England's Sheffield University published a report on the fungi, describing the diplomatic organism's relationship with soil, plants, and the air we breathe. It's part of what could be an overlooked solution to the world's air pollution woes

Mycorrhizal fungi live in vast networks underground on every continent while in a symbiotic relationship with plants. The plants turn air pollution into sugars. The fungi, entwined with the plants' roots, feed on the sugars. In turn, they provide the plants with the nutrients they need to survive, according to Sheffield's description of the relationship. 

People on the surface seldom sustain this give-and-take philosophy. But researchers are now starting to understand how vast and ancient the unique relationship underground has become. 
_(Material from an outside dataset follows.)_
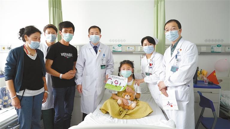 圖為武漢協(xié)和醫(yī)院醫(yī)護(hù)人員術(shù)后看望病患兒及其家屬。通訊員 衛(wèi)未 攝
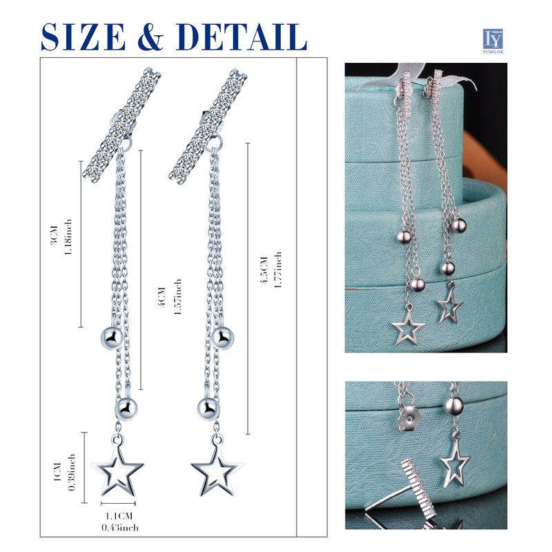 - Star size: 1.1 x 1 cm, earring length: 5.5 cm, weight: 1.4 g

A giant fungi network in Michigan encompasses 91 acres, according to a report from The Hill. The story also notes that these fungi carbon banks store 13 gigatons of air pollution underground annually. That's almost how many polluting gases China provides the planet each year. 

"Mycorrhizal fungi represent a blind spot in carbon modeling, conservation, and restoration — the numbers we've uncovered are jaw-dropping, and when we're thinking about solutions for climate we should also be thinking about what we can harness that exists already," Sheffield Professor Kate Field said in the research. 

Still, above-ground activity could disrupt the harmony below. Agriculture and other human activities are "destroying" soil ecosystems, the experts said, citing a United Nations warning that 90% of soils could be "degraded by 2050." 

Now, they are calling on the world's leaders to initiate protections for the dirt so this ancient air-cleaning process can be maintained. 

Soil conservation is one way humans can give back to the symbiotic process long established between fungi and plants, the research said. 

"When we disrupt the ancient life support systems in the soil, we sabotage our efforts to limit global heating and undermine the ecosystems on which we depend," Field said in the Sheffield report.